In contemplating The amount of $n$ so that $n!+1$ is divisible by $p$ I confronted the above question, which I was unable to resolve in my own thinking.
For odd $p$, $(p-1)!$ has an even number of multiplicands which can be paired as follows: $1,p-1;\ 2,p-2;\ \dots \frac{p-1}{2},p-\frac{p-1}{2}$. Modulo $p$ these pairings are $1,-1;\ 2,-2;\ \dots$ etc. If we multiply the first member of each pair, and then the second member of each pair we see that $$\prod_{i=1}^{\frac{p-1}{2}}i\equiv (-1)^{\frac{p-1}{2}}\prod_{i=p-\frac{p-1}{2}}^{p-1}|i|\ \bmod p$$ Since the magnitudes of the multiplicands in each product are equal, the magnitudes of the products are equal, and the products differ if at all only by sign. Moreover, from Wilson's theorem, we know that the product of every multiplicand $(p-1)!\equiv -1 \bmod p$
When $p$ has the form $4k+1$, $(-1)^{\frac{p-1}{2}}=1$. So the two products are equal, and their product is congruent to $-1 \bmod p$.

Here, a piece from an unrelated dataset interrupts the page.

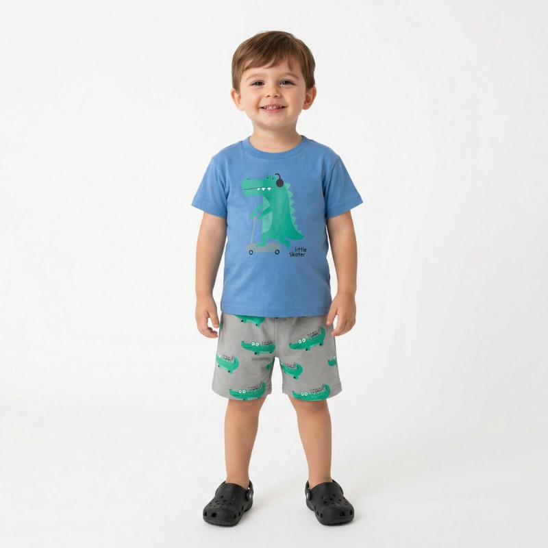 - Παιχνιδιάρικο Design: Η μπλούζα σε υπέροχη γαλάζια απόχρωση απεικονίζει έναν κροκόδειλο με ακουστικά πάνω σε πατίνι ("Little Skater"), ενώ το γκρι σορτσάκι είναι γεμάτο με μικρά, χαριτωμένα κροκοδειλάκια.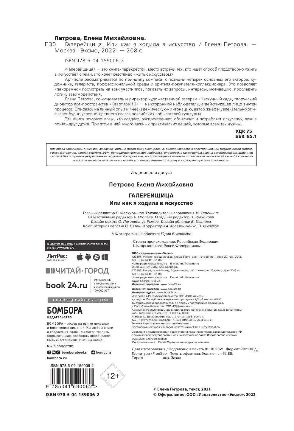 Галерейщица. Или как я ходила в искусство (Петрова Елена Михайловна); Бомбора, 2022

When $p$ has the form $4k+3$, $(-1)^{\frac{p-1}{2}}=-1$. In that case, the products have equal magnitudes and opposite signs, and their product is congruent to $-1 \bmod p$. If we call that magnitude $a$, we have $-a^2\equiv -1 \bmod p\ \Rightarrow a^2\equiv 1 \bmod p$. This requires $a\equiv \pm1 \bmod p$
The upshot of this is that for $p=4k+3$, $$\left(\frac{p-1}{2}\right)! \equiv \pm1 \bmod p$$ I found this question proving that point, but not answering the question I pose below.
Looking at the first several examples of such $p$, I find that the residue is $-1$ for $\{7,11,19,\dots\}$ and the residue is $1$ for $\{23,31,\dots\}$.